Overview

During an examination under oath (“EUO”), an insurance company requests that a patient appear before an attorney and/or an investigator to answer questions under oath relating to a no-fault claim.

The patient, who is entitled to representation by an attorney at the EUO, can be questioned about a range of topics.  These topics include, but are not limited to, prior injuries, circumstances surrounding the accident, his or her present medical condition, and treatment. Usually, by the time the EUO is conducted, the insurance company has already received bills from the patient’s treating physician, and will question the patient as to whether they received the same treatment as those reflected in the billing.

An insurance company has the right to demand an EUO of the patient as a means to verify a no-fault claim.  This right was given to insurance companies in the revised No-Fault Regulations of 2002, which state that “[u]pon request by [an insurance company], the eligible injured person or that person’s assignee or representative shall . . . as may reasonably be required submit to examination under oath by any person named by the [insurance company] and subscribe same.”

Scheduling of an Examination Under Oath

There are various provisions within the No-Fault Law that an insurance company must follow when scheduling an EUO of a patient.  Proper mailing of the notice is often an issue of contention. However, it should be noted that insurance companies are under no obligation to advise a treating physician that an EUO of the patient is scheduled.

The content of the letters is critical as well.
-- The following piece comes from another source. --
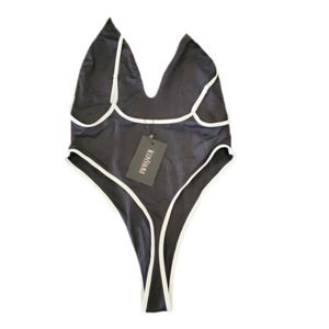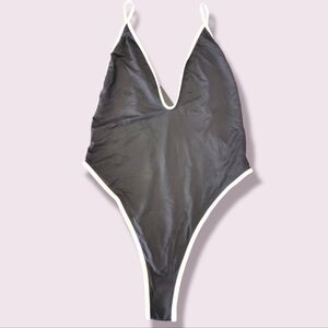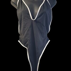 NWT - great quality black with white trim. One piece thong swimsuit in Women's XL with adjustable straps. Fits true to size.
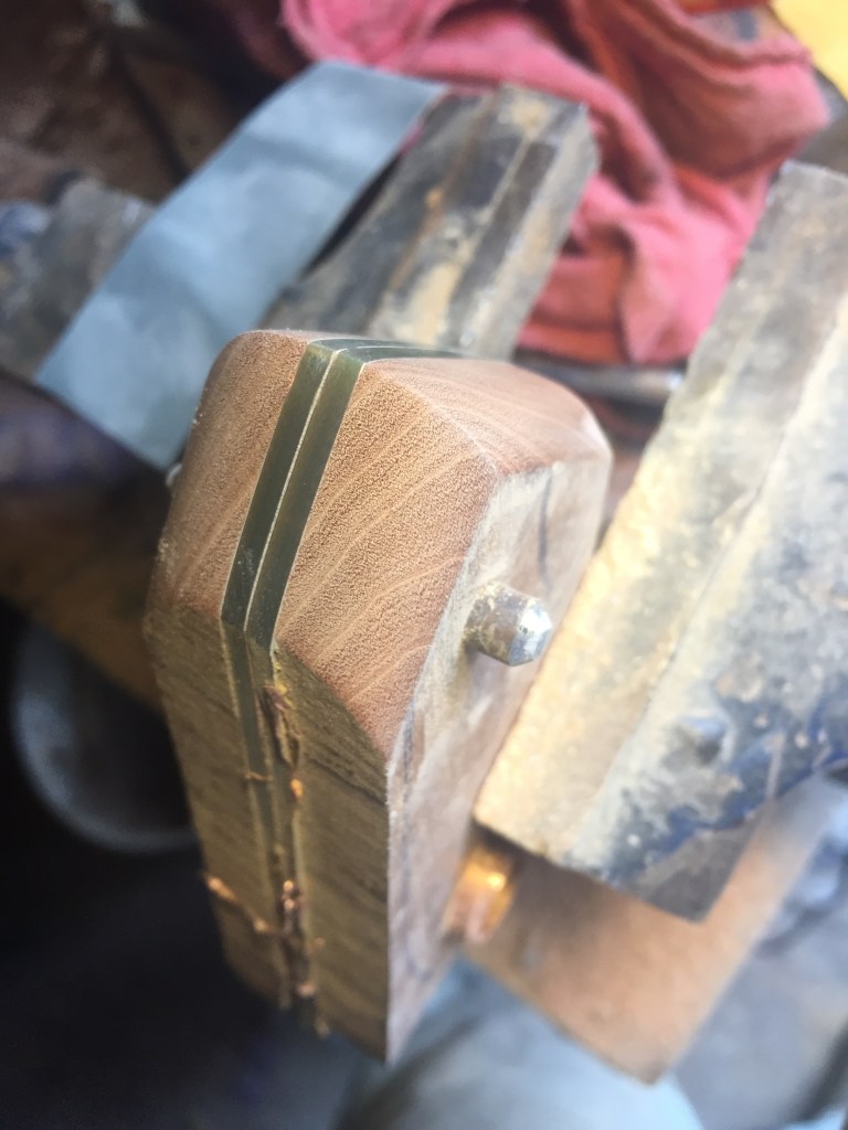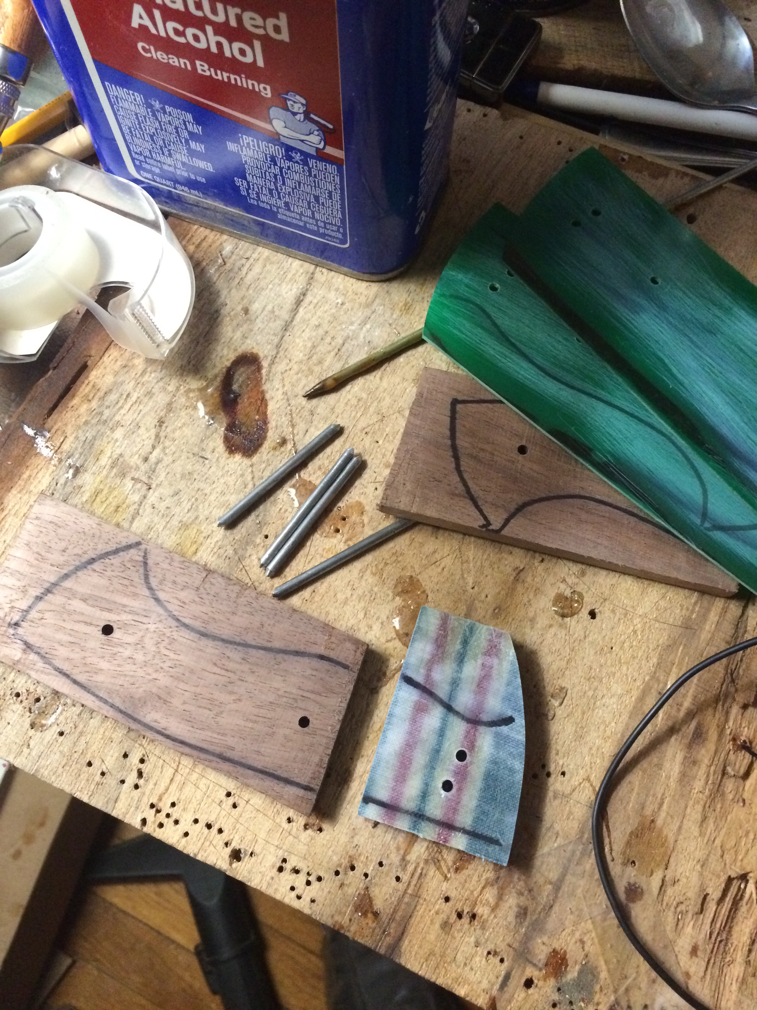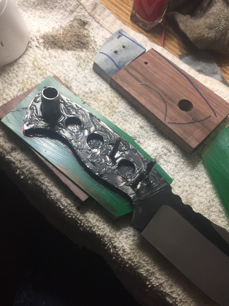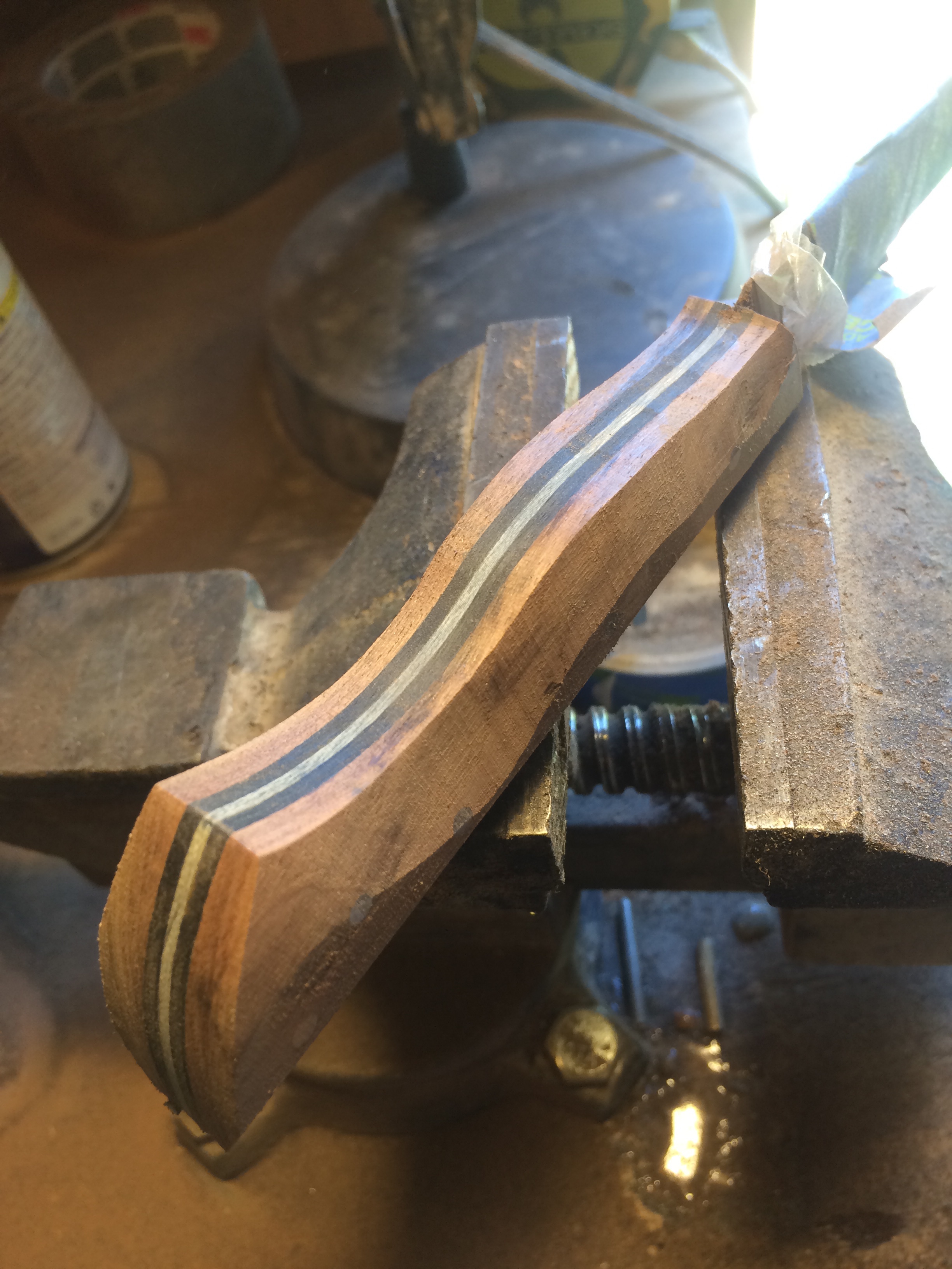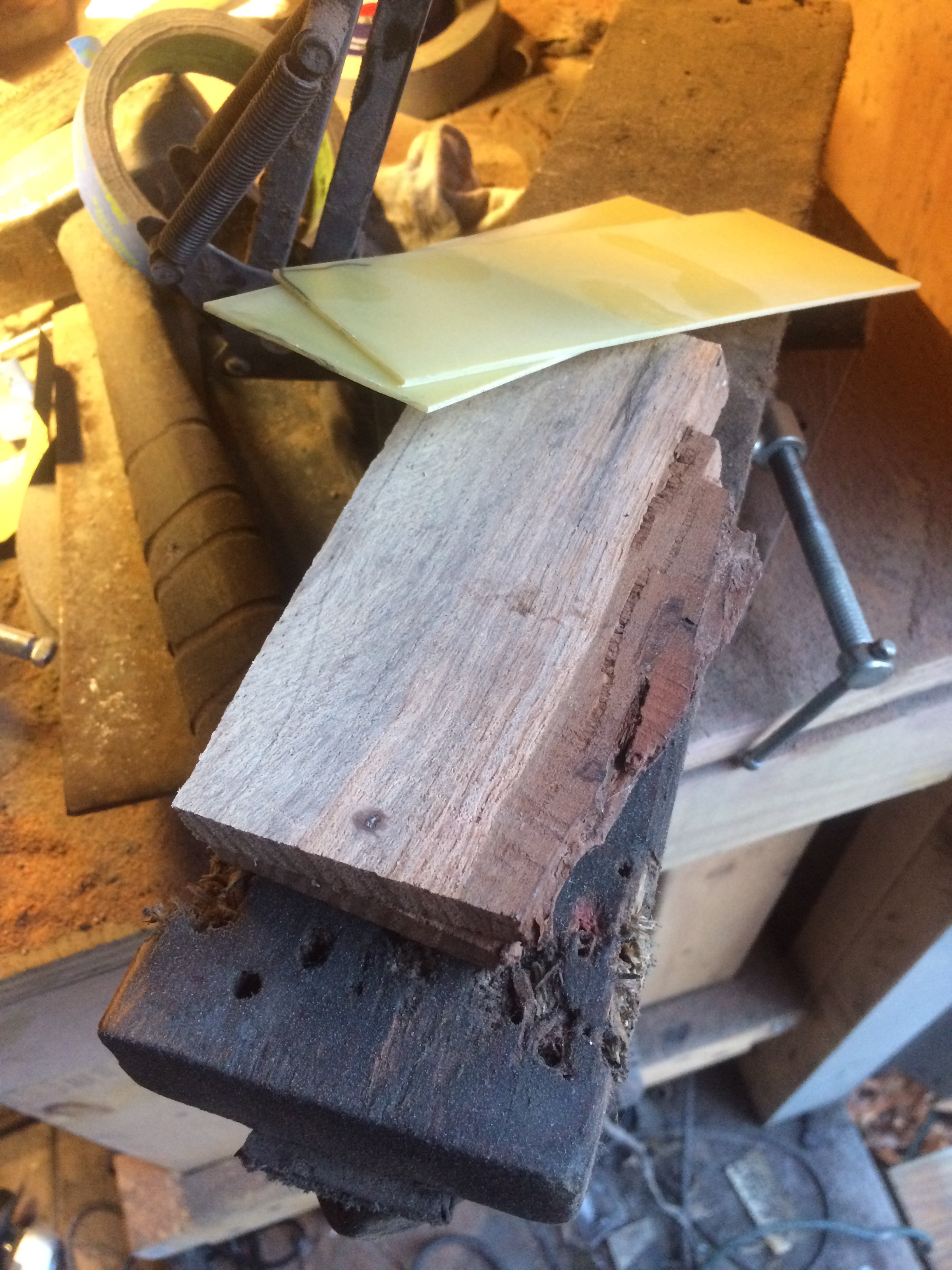 I cut two pieces of it and fit it to the knife. For a bit of color contrast, I use a bit of fiberglass computer board blanks that I rescued from a dumpster-

An EUO must be scheduled for a time and in a place and location that is reasonably convenient for the patient.  Specifically, proper scheduling letters should:

  1. Give the patient at least two weeks’ notice of the EUO date;
  2. Set the EUO at a place within the same county in which the patient resides; and
  3. Apprise the patient that he or she is entitled to be reimbursed for reasonable transportation costs and lost earnings incurred due to his or her attendance.

Additionally, because insurance companies must request verification of a claim not once but twice before denying that claim, an insurance company is obligated to provide a patient with two opportunities to attend an EUO.  That is, if a patient fails to appear for the first EUO, an insurance company has an obligation to schedule a second appearance.  If the patient fails to appear for the second scheduled EUO, an insurance company then has the right to deny the claim.

Consequences for Failure to Attend an EUO

It is well-settled that a patient’s unexcused failure to comply with a demand for an EUO (i.e., failure to attend two properly scheduled EUOs) is a policy violation and grounds for an insurance company’s disclaimer of the patient’s no-fault benefits.  

Because an EUO is a form of verification and is deemed received on the date of the “missed EUO,” the insurance company should deny the claim within thirty days of the patient’s failure to appear for the second EUO.

Consequences for Treating Physicians

It is important that a physician understand that if his or her patient fails to appear for two properly scheduled EUOs, an insurance company may have grounds to deny a claim retroactively to the date of loss.  In some jurisdictions, an insurance company is even allowed to amend a previous denial and/or assert an otherwise late denial to include the defense of missed EUOs.

A patient’s missed EUOs is often fatal to the treating physician’s claim for reimbursement.  Unfortunately and unfairly, scenarios arise where a physician provides medically necessary treatment to a car accident victim, and otherwise abides by the No-Fault Regulations, only to have his or her claim denied due to circumstances beyond his or her control.

Our Services

We strongly advise our clients to educate their patients on the importance of responding to an insurance company’s reasonable EUO request.  

Furthermore, to reduce the consequences of a patient’s failure to attend an EUO, we provide our clients with medical lien agreements.  A medical lien allows a medical provider to seek direct payment from his or her patient (and/or from the settlement of the patient’s personal injury lawsuit) when a patient’s no-fault benefits are cut off due to a policy violation.

Upon the intake process at our clients’ offices, patients will be required to sign a medical lien.  In that way, the patient acknowledges our client’s right to receive payment if the patient violates his or her no-fault policy.